*Work request*
Print exactly the lines that run from the first line of the material to the line containing "GIO PONTI (Attr.)", both ends included, and skip the pictures.

*Dataset records*
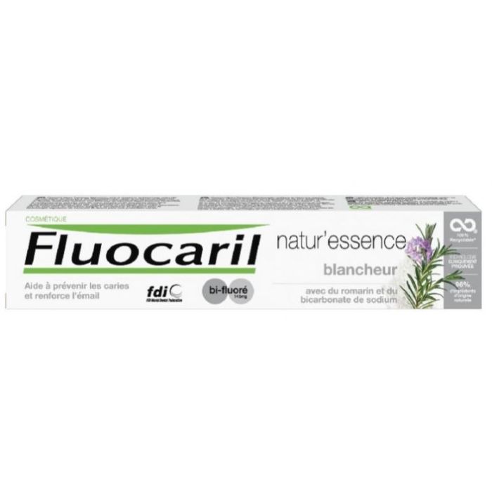 Fluocaril Natur Essence Whitening è dotato di una tecnologia bi-fluoruro con 145 mg di fluoro, olio di rosmarino e bicarbonato di sodio che aiuta a ripristinare il bianco naturale dei denti proteggendo lo smalto naturale dall'attacco degli acidi.
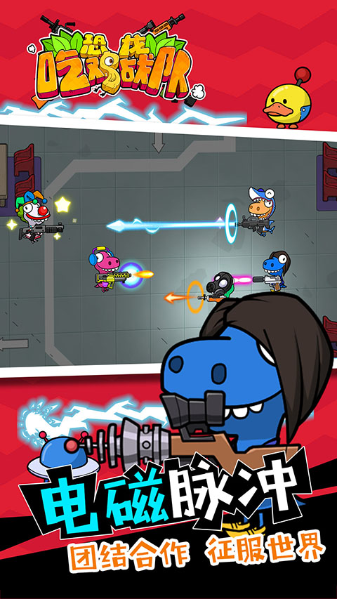 恐龙吃鸡战队官方正版是一款以恐龙为主题的吃鸡类2D游戏,玩家即将迈入卡通Q版的恐龙世界,与好友组建自己的恐龙战队,在战场上与其他玩家展开激烈的射击竞争。恐龙队员们穿上各种卡通恐龙套装,配合强劲枪支,再带上可爱的宠物,一起蹦蹦跳跳进地图,这轻松愉快的气氛,让玩家畅享欢乐对局。
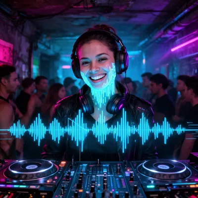 CyberpunkHigh-tech cyberpunk DJ avatar with sound-wave implants and electric blue visualizers, capturing futuristic digital art style in immersive underground club aesthetic.
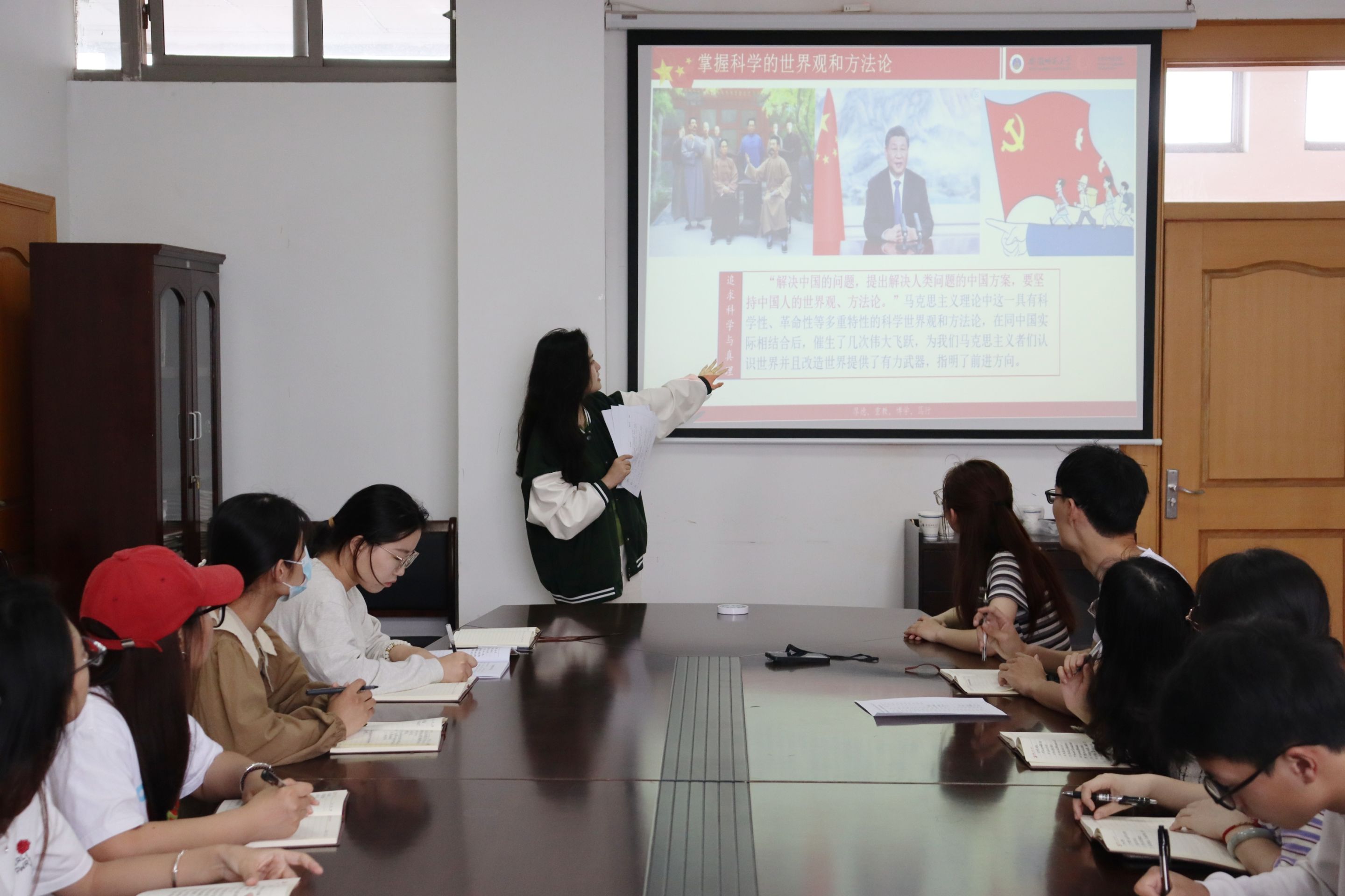 李梦圆带领全体党员回顾了马克思主义与习近平新时代中国特色社会主义思想的实质内核,强调弘扬马克思主义,强化执政党能力建设,归根结底是要坚持把马克思主义基本原理同中国具体实践相结合、同中华传统优秀文化相结合。指出我们要在新时代下高举习近平新时代中国特色社会主义思想大旗,把握好习近平新时代中国特色社会主义思想的世界观和方法论,坚持好、运用好贯穿其中的立场、观点、方法,运用其解决困扰我们发展的实际问题,为强国建设、民族复兴贡献青春力量。通过本次理论学习,参会的党支部全体党员及预备党员加深了对习近平新时代中国特色社会主义思想的世界观和方法论的认识,并进一步增强了对党的创新理论的理解、领会和把握。
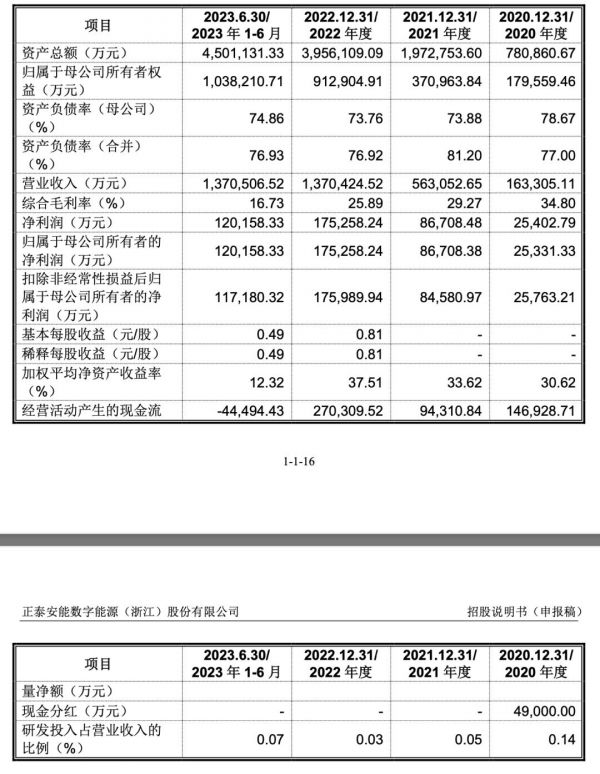 而这一爆发式增长,也直接反映在正泰安能的业绩表现上。招股书显示,报告期各期,公司营收分别为16.33亿、56.31亿、137.04亿、137.05亿元;综合毛利率分别为34.80%、29.27%、25.89%、16.73%;净利润分别为2.54亿、8.67亿、17.53亿、12.02亿元;扣非归母净利润分别为2.58亿、8.46亿、17.60亿、11.72亿元。
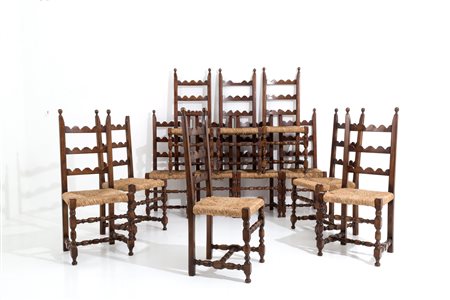 GIO PONTI (Attr.) (Milano, 1891-1979). Dodici sedie in legno con sedute in paglia. Anni '40. Difetti. Mis. Lung. cm. 41 Alt. cm. 108 Prof. cm. 43 ca.
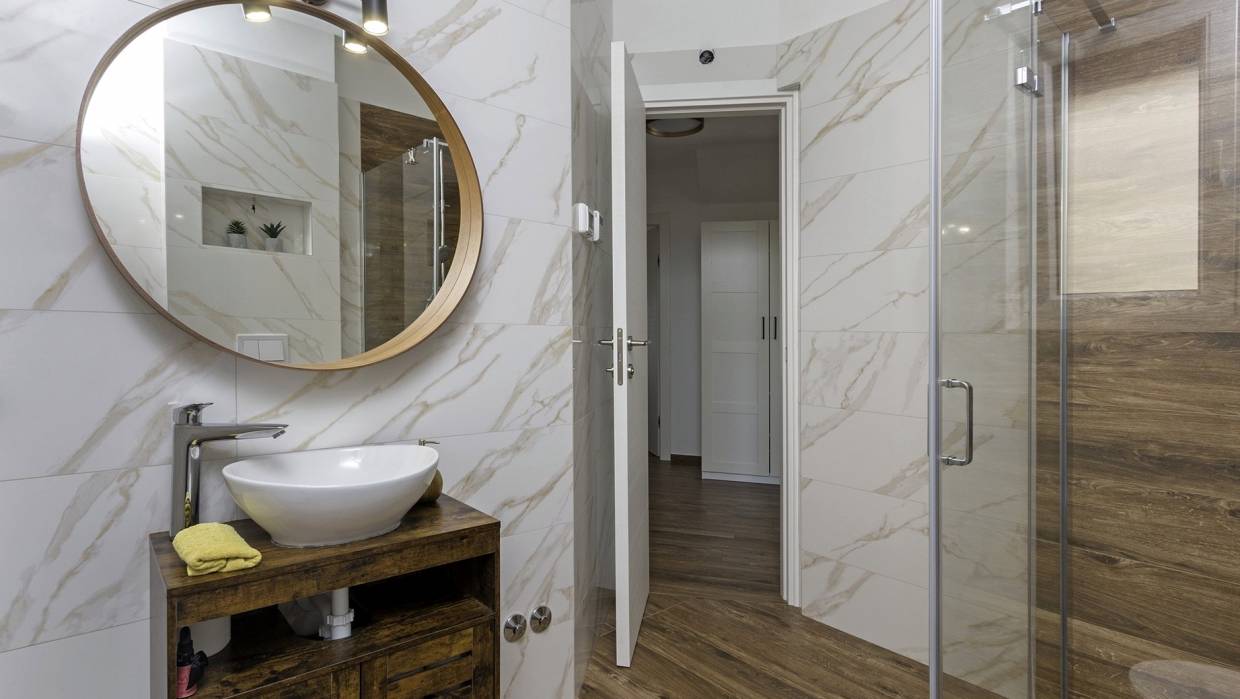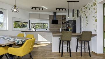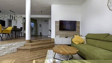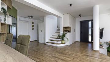 Samostoječa družinska hiša se nahaja na parceli velikosti 995 m², v mirnem kraju le 19 km od Pulja in 3 km od morja, obdana s čudovito naravo. Hiša obsega dve etaži. V pritličju se nahaja spalnica z lastno kopalnico, dnevna soba z izhodom na pokrito teraso, jedilnica ter kuhinja odprtega koncepta. Ob kuhinji sta shramba in pralnica. V nadstropju so tri spalnice, dve kopalnici ter velika elegantna terasa s stekleno ograjo, ki ponuja čudovit razgled na okolico. Na parceli stojita tudi dve legalizirani pomožni stavbi, na njunem mestu pa je mogoče zgraditi dodatno hišo. Po celotni hiši je vgrajeno talno gretje preko toplotne črpalke Fujitsu (z možnostjo priklopa ogrevanja bazena). Pri gradnji so bili uporabljeni visoko kakovostni materiali. Za hlajenje sta nameščeni dve inverterski klimi. Hiša ima tudi dimnik, kar omogoča namestitev kamina ali peči. Pohištvo je izdelano po meri. Moderna kuhinja je znamke Danküchen, večina aparatov pa je visokokakovostnih (Bosch, Miele). Arhitektura hiše je moderna, s ravno streho in privlačnim videzom. Prodaja se popolnoma opremljena. Skupna površina hiše: 160 m² – pritličje + nadstropje. Pritličje (90 m²): kuhinja z jedilnico 24,47 m², dnevna soba 16,30 m², spalnica 9,40 m², kopalnica 5,19 m², pralnica in shramba 13 m², pokrita terasa 6 m², hodnik in predprostor 10 m². Lesene stopnice vodijo v nadstropje (70 m²), ki ga sestavljajo: hodnik 11,61 m², glavna spalnica z garderobo (14,27 m²) in kopalnico (8,25 m²), dve otroški sobi (vsaka 10,36 m²), skupna kopalnica 6,42 m². Iz sob je izhod na 20 m² veliko teraso, delno pokrito, s prekrasnim pogledom na naravo. Veliko dvorišče velikosti 995 m² nudi dovolj prostora za bazen, vrt, otroško igrišče ali druge vsebine.

*Written solution*
 Fluocaril Natur Essence Whitening è dotato di una tecnologia bi-fluoruro con 145 mg di fluoro, olio di rosmarino e bicarbonato di sodio che aiuta a ripristinare il bianco naturale dei denti proteggendo lo smalto naturale dall'attacco degli acidi.
 恐龙吃鸡战队官方正版是一款以恐龙为主题的吃鸡类2D游戏,玩家即将迈入卡通Q版的恐龙世界,与好友组建自己的恐龙战队,在战场上与其他玩家展开激烈的射击竞争。恐龙队员们穿上各种卡通恐龙套装,配合强劲枪支,再带上可爱的宠物,一起蹦蹦跳跳进地图,这轻松愉快的气氛,让玩家畅享欢乐对局。
 CyberpunkHigh-tech cyberpunk DJ avatar with sound-wave implants and electric blue visualizers, capturing futuristic digital art style in immersive underground club aesthetic.
 李梦圆带领全体党员回顾了马克思主义与习近平新时代中国特色社会主义思想的实质内核,强调弘扬马克思主义,强化执政党能力建设,归根结底是要坚持把马克思主义基本原理同中国具体实践相结合、同中华传统优秀文化相结合。指出我们要在新时代下高举习近平新时代中国特色社会主义思想大旗,把握好习近平新时代中国特色社会主义思想的世界观和方法论,坚持好、运用好贯穿其中的立场、观点、方法,运用其解决困扰我们发展的实际问题,为强国建设、民族复兴贡献青春力量。通过本次理论学习,参会的党支部全体党员及预备党员加深了对习近平新时代中国特色社会主义思想的世界观和方法论的认识,并进一步增强了对党的创新理论的理解、领会和把握。
 而这一爆发式增长,也直接反映在正泰安能的业绩表现上。招股书显示,报告期各期,公司营收分别为16.33亿、56.31亿、137.04亿、137.05亿元;综合毛利率分别为34.80%、29.27%、25.89%、16.73%;净利润分别为2.54亿、8.67亿、17.53亿、12.02亿元;扣非归母净利润分别为2.58亿、8.46亿、17.60亿、11.72亿元。
 GIO PONTI (Attr.) (Milano, 1891-1979). Dodici sedie in legno con sedute in paglia. Anni '40. Difetti. Mis. Lung. cm. 41 Alt. cm. 108 Prof. cm. 43 ca.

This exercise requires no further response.